§ **TASK DIRECTIONS**
Without including any pictures, copy every line below exactly.

§ **DATASET EXTRACT**
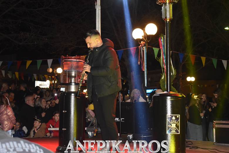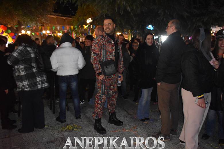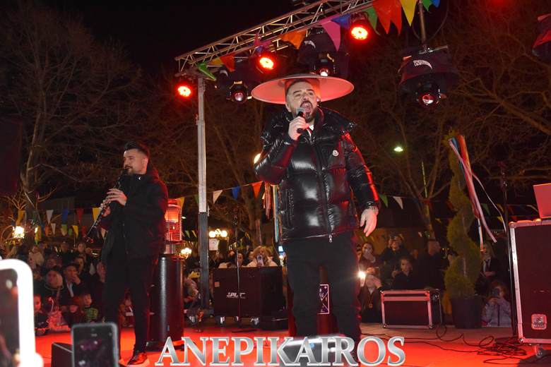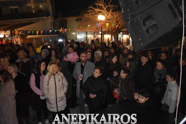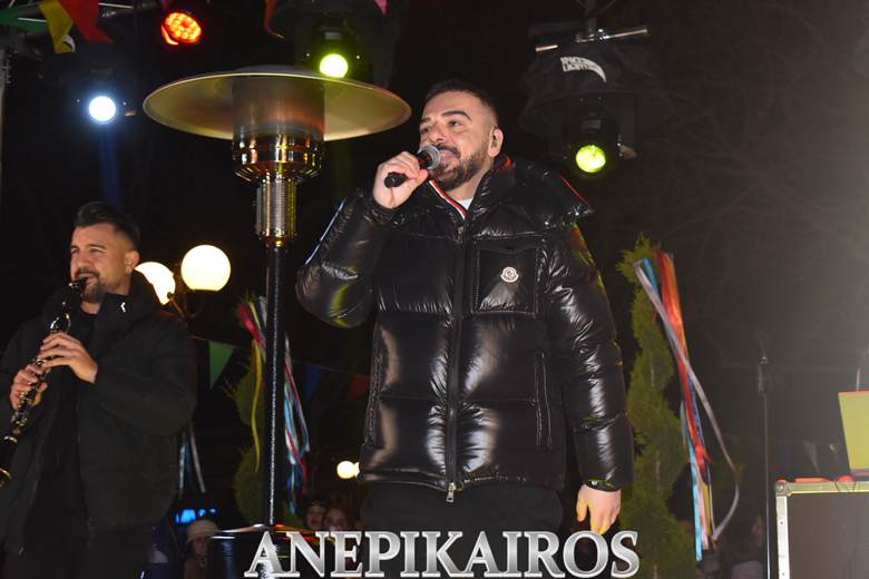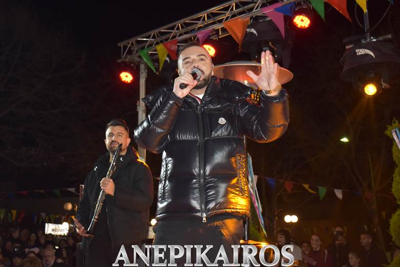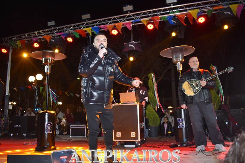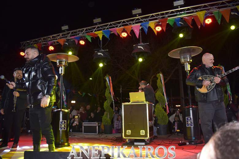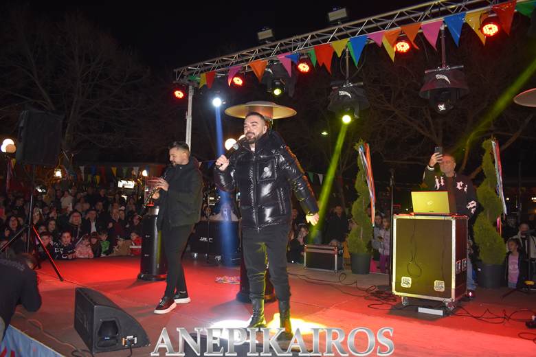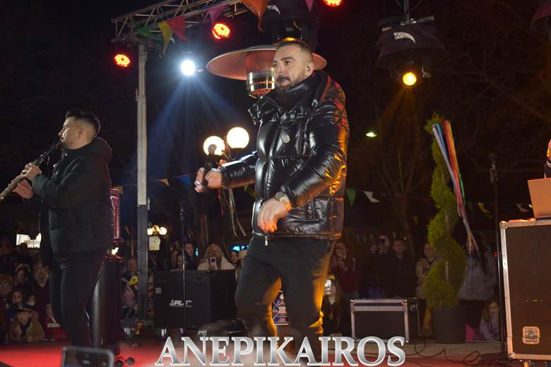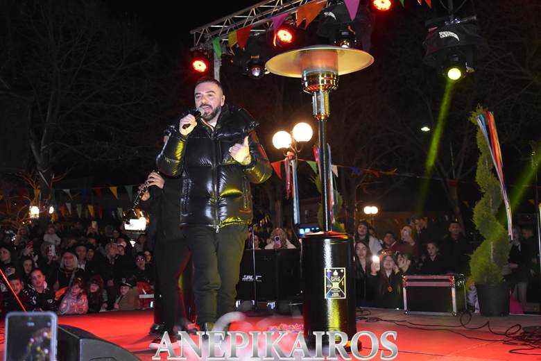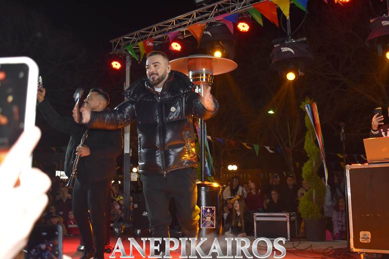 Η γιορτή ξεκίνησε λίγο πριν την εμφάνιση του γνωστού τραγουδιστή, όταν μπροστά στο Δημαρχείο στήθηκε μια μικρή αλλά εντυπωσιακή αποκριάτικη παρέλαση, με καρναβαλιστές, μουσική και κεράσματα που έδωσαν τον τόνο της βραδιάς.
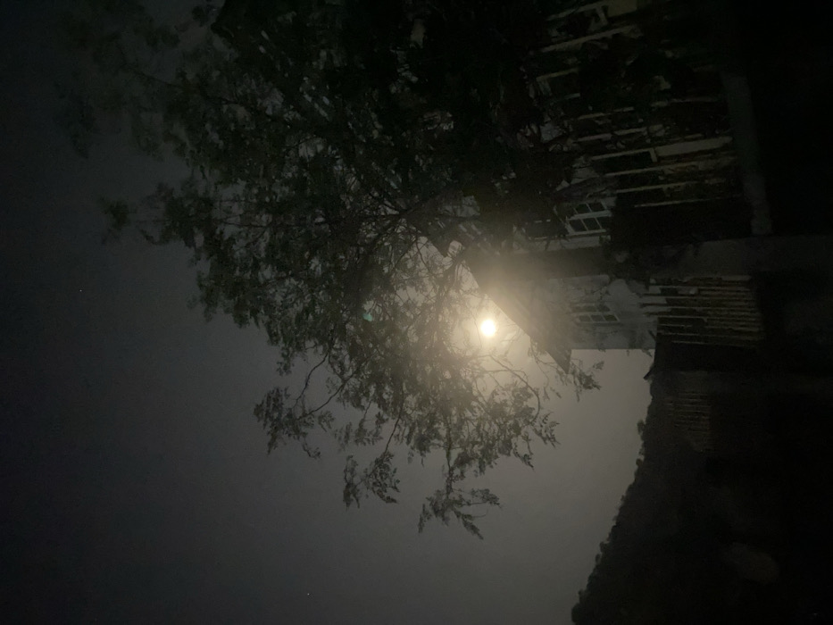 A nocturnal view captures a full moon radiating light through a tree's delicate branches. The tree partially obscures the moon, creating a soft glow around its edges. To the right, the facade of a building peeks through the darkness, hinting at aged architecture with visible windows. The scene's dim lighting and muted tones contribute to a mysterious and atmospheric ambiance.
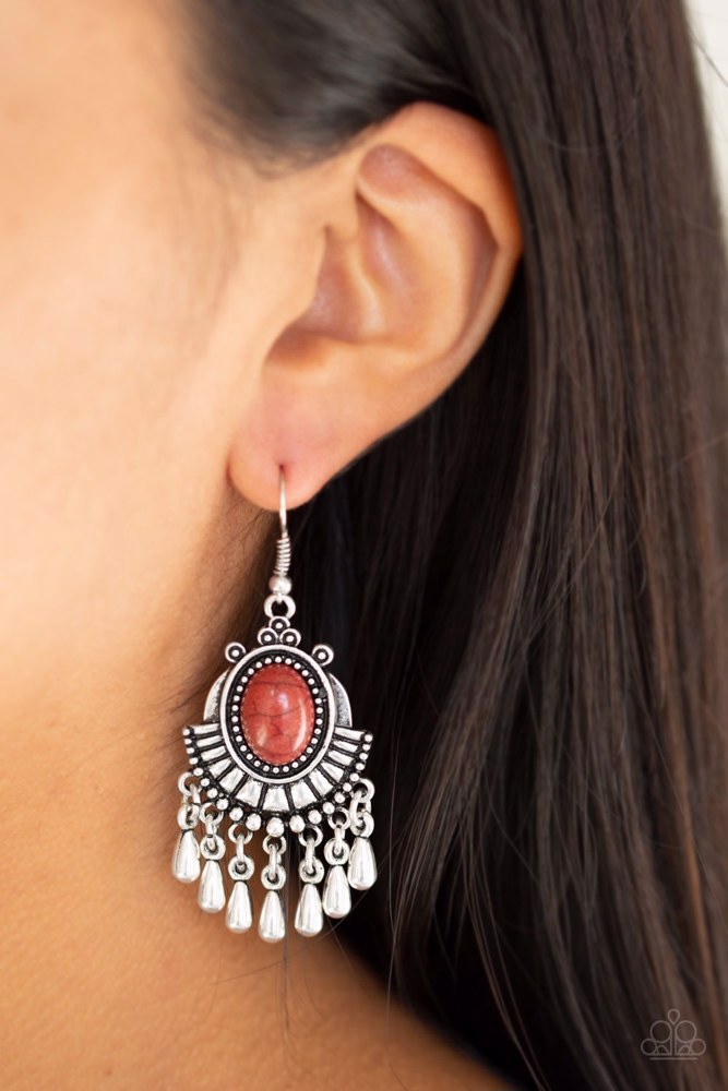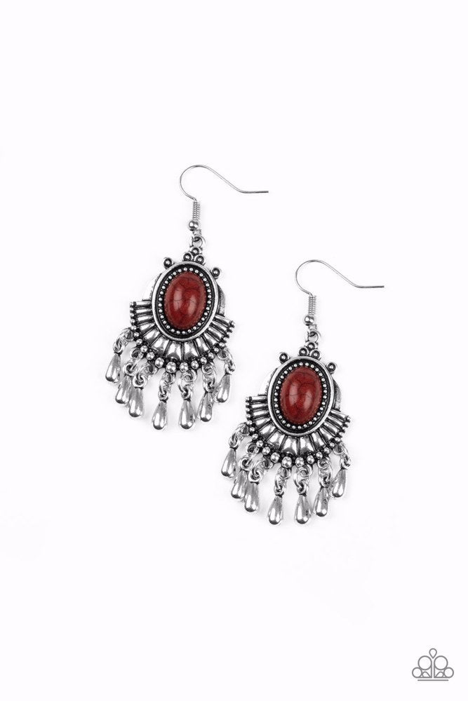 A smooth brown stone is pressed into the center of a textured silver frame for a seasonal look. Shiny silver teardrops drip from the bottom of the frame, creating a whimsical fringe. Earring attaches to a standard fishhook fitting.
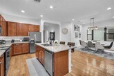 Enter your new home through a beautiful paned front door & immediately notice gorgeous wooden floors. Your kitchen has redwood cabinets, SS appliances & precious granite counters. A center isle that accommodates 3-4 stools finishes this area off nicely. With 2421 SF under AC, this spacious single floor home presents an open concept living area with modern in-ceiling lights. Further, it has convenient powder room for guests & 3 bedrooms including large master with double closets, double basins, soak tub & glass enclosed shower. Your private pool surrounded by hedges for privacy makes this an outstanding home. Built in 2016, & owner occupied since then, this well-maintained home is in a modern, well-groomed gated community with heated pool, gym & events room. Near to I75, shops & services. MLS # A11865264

§ **ANSWER SECTION**
 Η γιορτή ξεκίνησε λίγο πριν την εμφάνιση του γνωστού τραγουδιστή, όταν μπροστά στο Δημαρχείο στήθηκε μια μικρή αλλά εντυπωσιακή αποκριάτικη παρέλαση, με καρναβαλιστές, μουσική και κεράσματα που έδωσαν τον τόνο της βραδιάς.
 A nocturnal view captures a full moon radiating light through a tree's delicate branches. The tree partially obscures the moon, creating a soft glow around its edges. To the right, the facade of a building peeks through the darkness, hinting at aged architecture with visible windows. The scene's dim lighting and muted tones contribute to a mysterious and atmospheric ambiance.
 A smooth brown stone is pressed into the center of a textured silver frame for a seasonal look. Shiny silver teardrops drip from the bottom of the frame, creating a whimsical fringe. Earring attaches to a standard fishhook fitting.
 Enter your new home through a beautiful paned front door & immediately notice gorgeous wooden floors. Your kitchen has redwood cabinets, SS appliances & precious granite counters. A center isle that accommodates 3-4 stools finishes this area off nicely. With 2421 SF under AC, this spacious single floor home presents an open concept living area with modern in-ceiling lights. Further, it has convenient powder room for guests & 3 bedrooms including large master with double closets, double basins, soak tub & glass enclosed shower. Your private pool surrounded by hedges for privacy makes this an outstanding home. Built in 2016, & owner occupied since then, this well-maintained home is in a modern, well-groomed gated community with heated pool, gym & events room. Near to I75, shops & services. MLS # A11865264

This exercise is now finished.